+++ SUPPLIED DATA +++

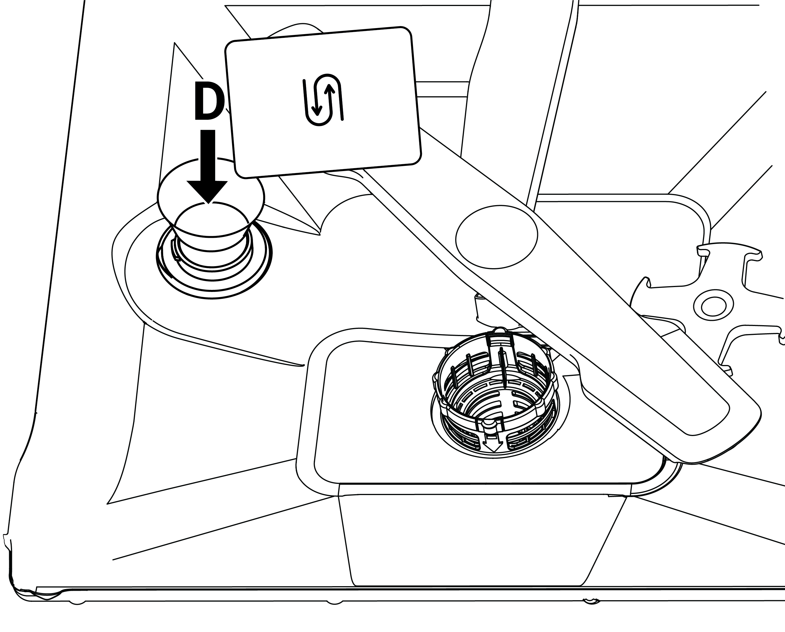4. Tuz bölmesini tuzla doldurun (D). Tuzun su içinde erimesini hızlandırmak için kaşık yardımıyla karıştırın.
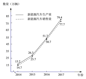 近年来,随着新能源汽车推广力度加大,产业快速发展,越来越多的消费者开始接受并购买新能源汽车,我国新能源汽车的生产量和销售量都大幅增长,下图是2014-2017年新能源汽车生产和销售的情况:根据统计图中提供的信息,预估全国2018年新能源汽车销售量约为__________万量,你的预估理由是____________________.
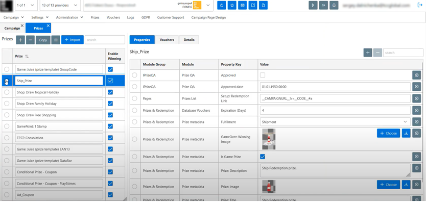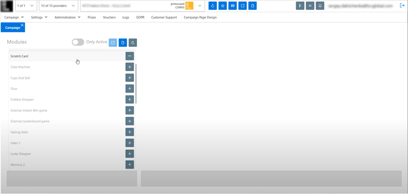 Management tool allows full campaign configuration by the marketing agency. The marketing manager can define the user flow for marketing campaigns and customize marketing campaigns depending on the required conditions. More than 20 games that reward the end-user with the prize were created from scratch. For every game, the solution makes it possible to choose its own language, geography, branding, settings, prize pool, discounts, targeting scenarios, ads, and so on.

+++
+++ SUPPLIED DATA +++

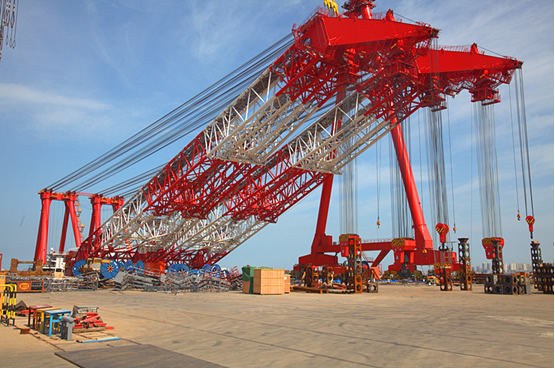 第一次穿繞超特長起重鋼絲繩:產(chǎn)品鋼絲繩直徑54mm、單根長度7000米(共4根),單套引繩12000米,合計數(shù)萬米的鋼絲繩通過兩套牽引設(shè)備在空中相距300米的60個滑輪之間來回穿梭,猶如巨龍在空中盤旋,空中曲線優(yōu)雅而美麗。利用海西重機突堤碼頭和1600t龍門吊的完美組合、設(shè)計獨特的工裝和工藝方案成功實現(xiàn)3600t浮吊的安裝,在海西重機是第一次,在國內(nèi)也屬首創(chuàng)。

+++

WORK INSTRUCTION: Lines wanted from the entries above: the one with "4. Tuz bölmesini", the one with "近年来,随着新能源汽车推广力", and all lines between. Please copy them exactly, without the pictures and without anything else.

PROBLEM SOLUTION:
4. Tuz bölmesini tuzla doldurun (D). Tuzun su içinde erimesini hızlandırmak için kaşık yardımıyla karıştırın.
 近年来,随着新能源汽车推广力度加大,产业快速发展,越来越多的消费者开始接受并购买新能源汽车,我国新能源汽车的生产量和销售量都大幅增长,下图是2014-2017年新能源汽车生产和销售的情况:根据统计图中提供的信息,预估全国2018年新能源汽车销售量约为__________万量,你的预估理由是____________________.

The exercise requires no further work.